Tetracyclines are natural antibiotics derived from Streptomyces. Besides their antimicrobial effects, tetracyclines are also able to inhibit MMPs activity by directly binding to their catalytic site. However, the studies on putative anti-MMP effects of tetracyclines are not consistent, and their inhibitory potential has not been fully confirmed (Curci et al. 1998; Ding et al. 2005).

The inhibitors of hydroxymethylglutaryl-coenzyme A reductase, widely known as statins, became recently a golden standard in the treatment of hypercholesterolemia and coronary artery disease. Besides their main hypolipemic action, statins, especially simvastatin and cerivastatin, reveal some poorly defined anti-inflammatory properties, including suppression of MMP-9 production in myocytes, neutrophils and macrophages (Nagashima et al. 2002).

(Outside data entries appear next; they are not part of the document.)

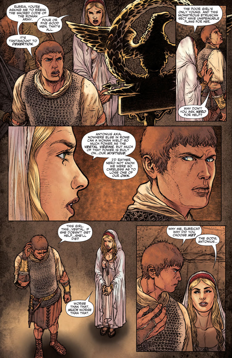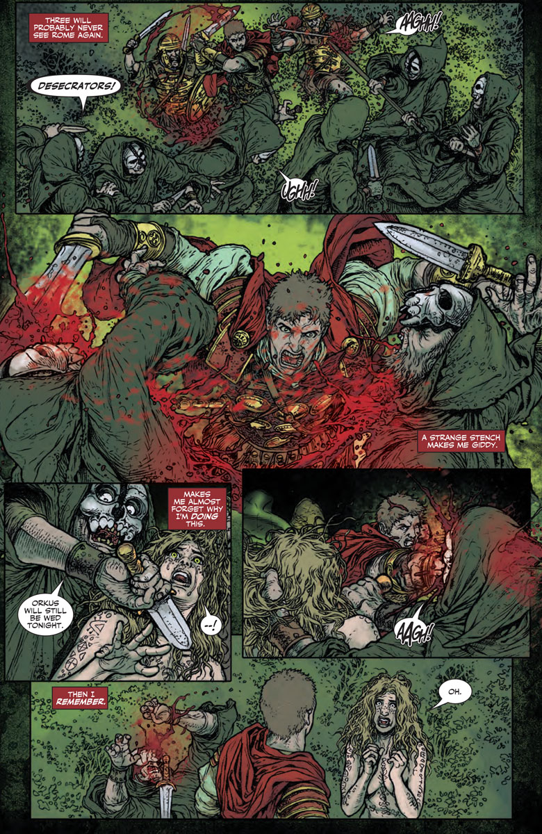 “I see this story as kind of Gladiator meets Druid-era Alien, and that sets the tone. Any story that has Nero and all his excesses, alongside the brutality of Roman Imperial oppression and mashes this with dark magic and horror must have a degree of darkness to it,” writer Peter Milligan told ComicBook.com. “But there’s a lot of humanity in there too… I think this mix of the real and the fabulous, the dark and the amusing, makes it unlike most stories set in the ancient world.”
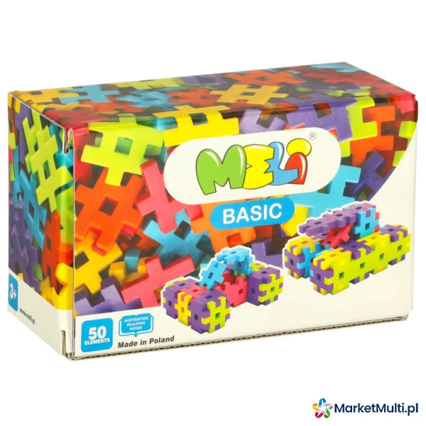 Opakowanie skrywa 50 sztuk nowatorskich klocków przeznaczonych do twórczej zabawy. Można z nich tworzyć dowolne kształty według własnego pomysłu, a łatwa obsługa polegająca na łączeniu elementów zachęca do zabawy. Kształt puzzli oraz bogata kolorystyka przyciągnie uwagę dzieci. Zbyt duża liczba elementów na początkowym etapie może nieco rozproszyć dziecko, dlatego na początek zabawy z kreatywnymi klockami MELI proponujemy opakowanie zawierające 50 genialnych elementów. Wykorzystaliście do zabawy wszystkie? Mamy dla Was dobrą wiadomość - serię BASIC można, dowolnie łączyć pomnażając radość z zabawy!
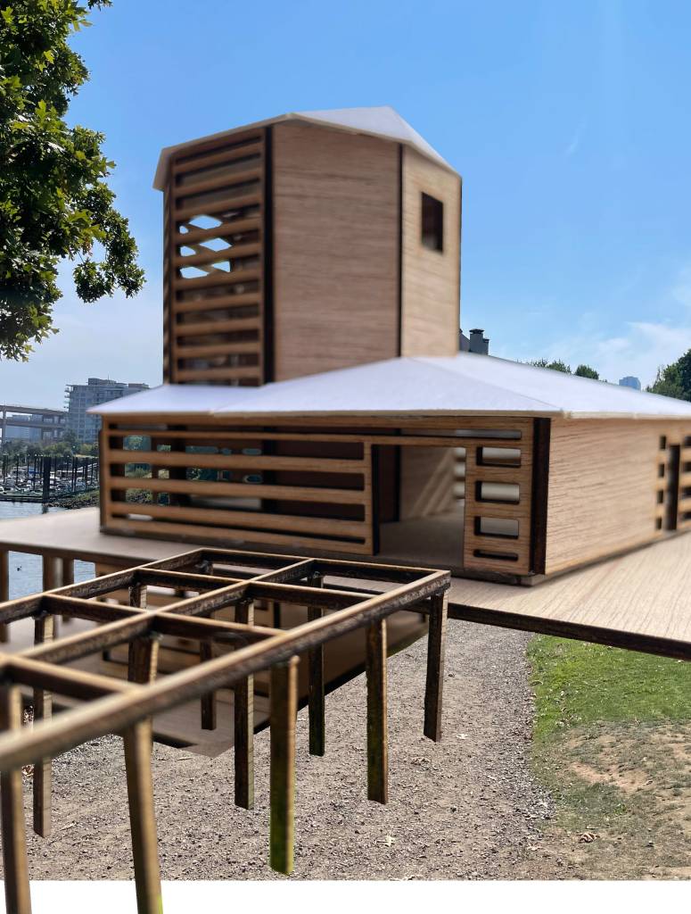 - The floor plan mirrors the 80 degree angle of the seawall. Mirroring it acknowledges the history it is born from, but through its porosity it proposes a different way to engage with its site, place, people.
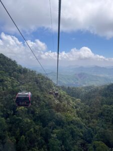 Es war eine richtig lange Fahrt mit atemberaubendem Ausblick. Zwischendurch fuhren wir durch dichten Nebel und die Gondel zog sich gefühlt ewig den Berg hinauf.
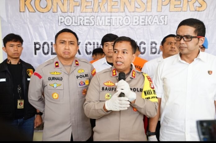ACTUALNEWS.ID, Bekasi – Wakapolres Metro Bekasi AKBP Saufi Salamun memimpin konferensi pers yang berlokasi di Loby Utama Polsek Cikarang Barat untuk mengungkap kasus viral pencurian dengan pemberatan yang terjadi di bawah underpass Jl. Bosih Raya Kelurahan Wanasari, Cibitung, Kabupaten Bekasi. Senin (4/3/2024).
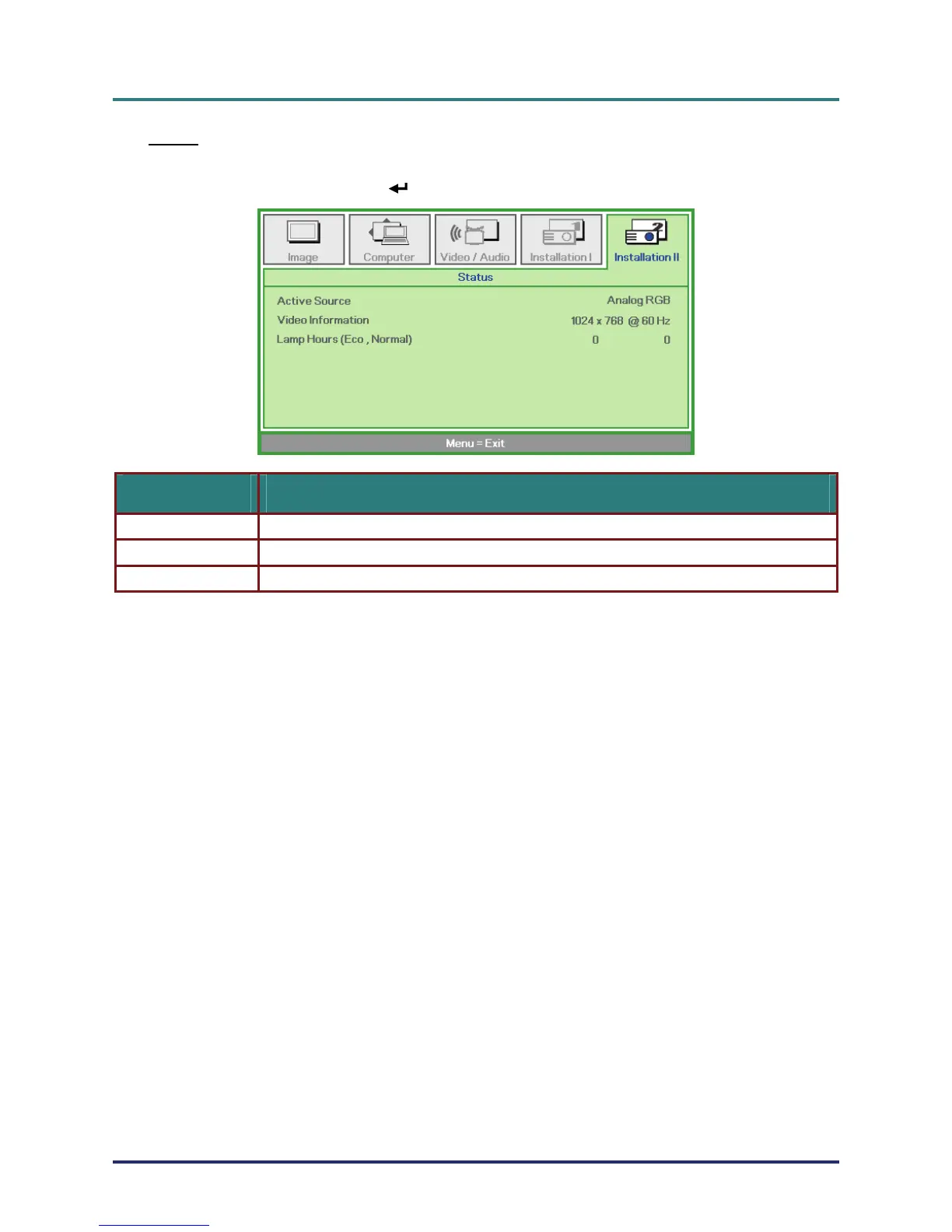 Lamp Hours Lamp hour used information is displayed. Eco and Normal counters are separated.
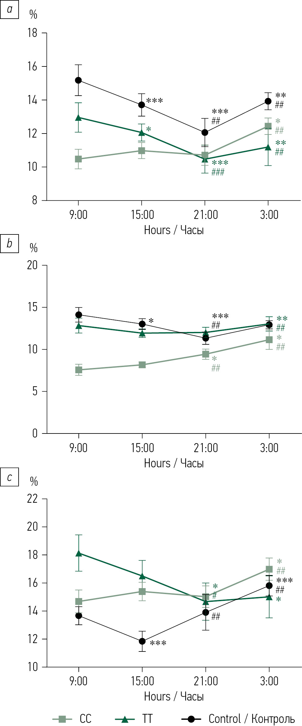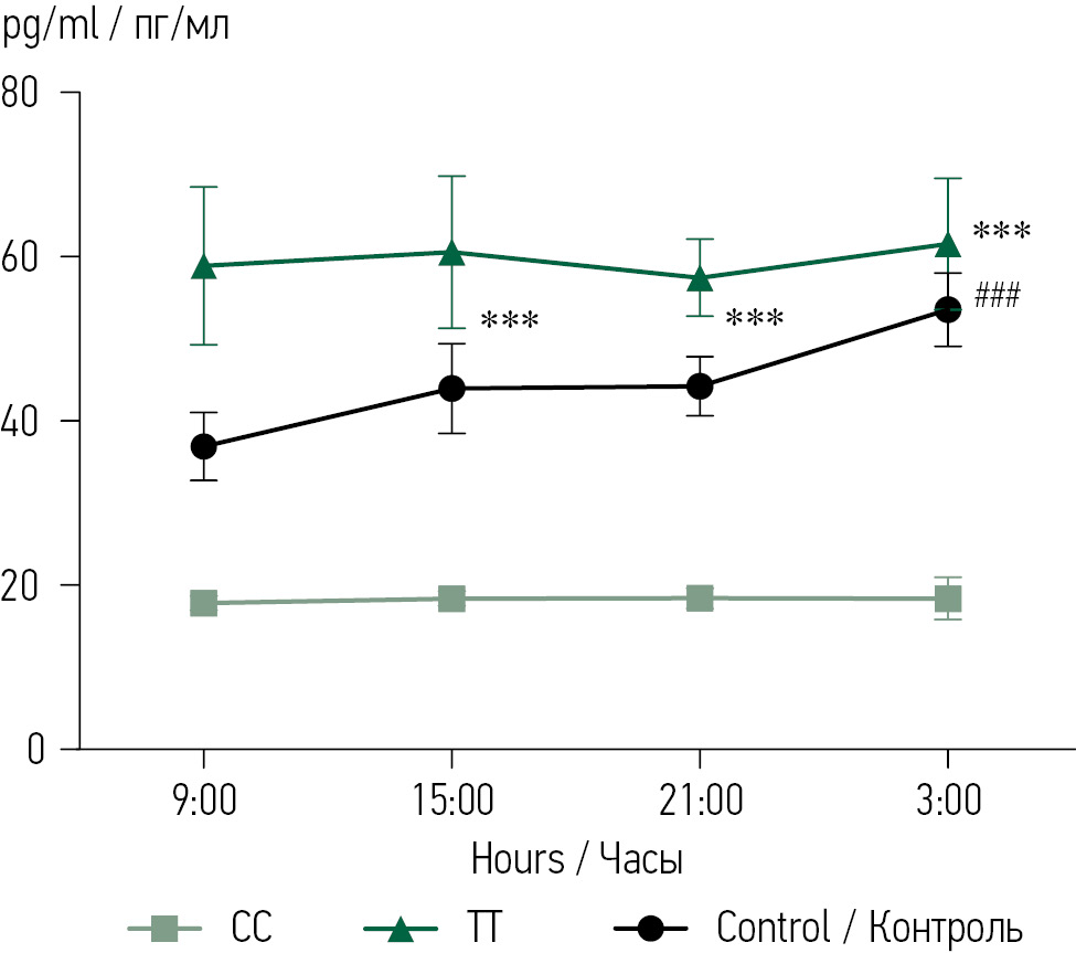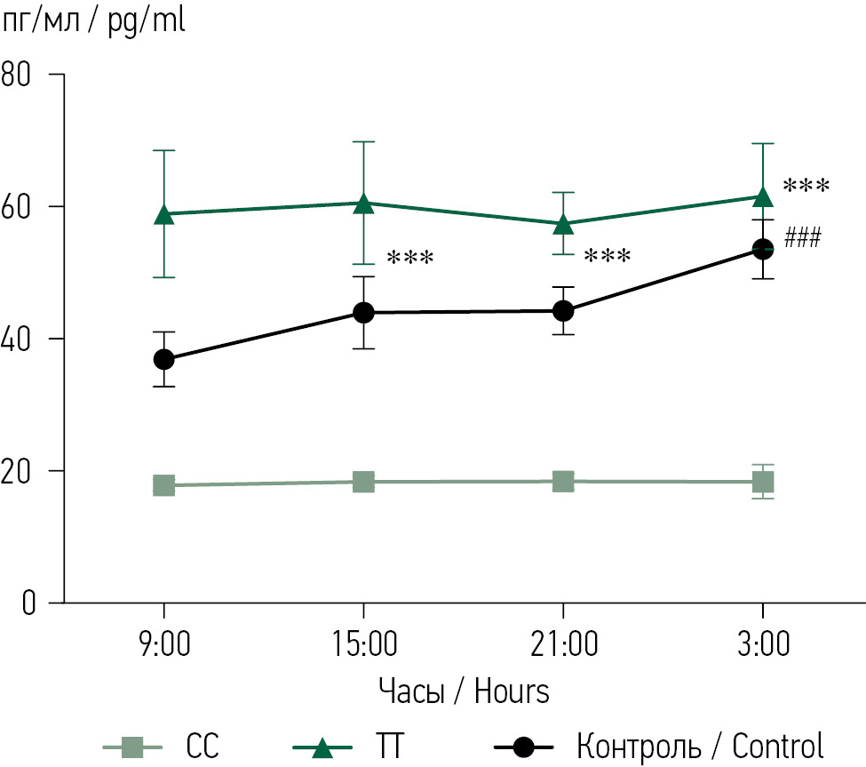Fig. 1. Daily dynamics of melatonin content in the blood of mice. *** p ≤ 0,0005 in comparison with the indicators at 9:00; ### р ≤ 0,0005 in comparison with the indicators at the previous time point. Here and further: СС — I experimental group; TT — II experimental group; Control — control group

The large group of potent MMP modulators was originally developed to regulate the function of the renin–angiotensin system in the management of arterial hypertension. However, the inhibitors of angiotensin-converting enzyme (ACE) are also well-known suppressors of MMPs activity, with a mechanism of action based on direct, dose-dependent blockage of the catalytic domain (Grzela et al. 2011). Another group of renin–angiotensin modulators comprises antagonists of angiotensin II receptor. They were shown to decrease the MMP expression, possibly due to suppression of the NF-κB pro-inflammatory pathways (Fujiwara et al. 2008).

Although the inhibition of the renin–angiotensin system may be considered as a novel therapeutic approach (Shrikrishna et al. 2012), nevertheless, determination of its clinical usefulness in COPD and asthma still requires further studies. This is especially important in the context of recent research concerning the insertion/deletion polymorphism of ACE (Ding et al. 2012), as well as the discovery of ACE2, the homolog of ACE (Kaparianos and Argyropoulou 2011). However, this issue is out of range of this review.

The airway remodeling in COPD and asthma is associated with the abnormal response of epithelium and other cellular components of the respiratory tract wall to noxious agents. There is still an open question, whether the remodeling results from inflammation or should rather be considered as parallel or even a primary process, which may precede clinical symptoms. Despite several differences, COPD and asthma reveal some resemblance, especially in their exacerbations and severe stages, where similar mechanisms and similar factors may be involved. Among various mediators involved in the progression of both the diseases are pro-inflammatory cytokines/chemokines, growth factors and proteases, including MMP-9. Moreover, there is growing evidence supporting the role of genetic predispositions in the development and progression of COPD and asthma. Therefore, better recognition of clinical relevance of the mentioned data may provide new opportunities for earlier diagnosis and more effective treatment.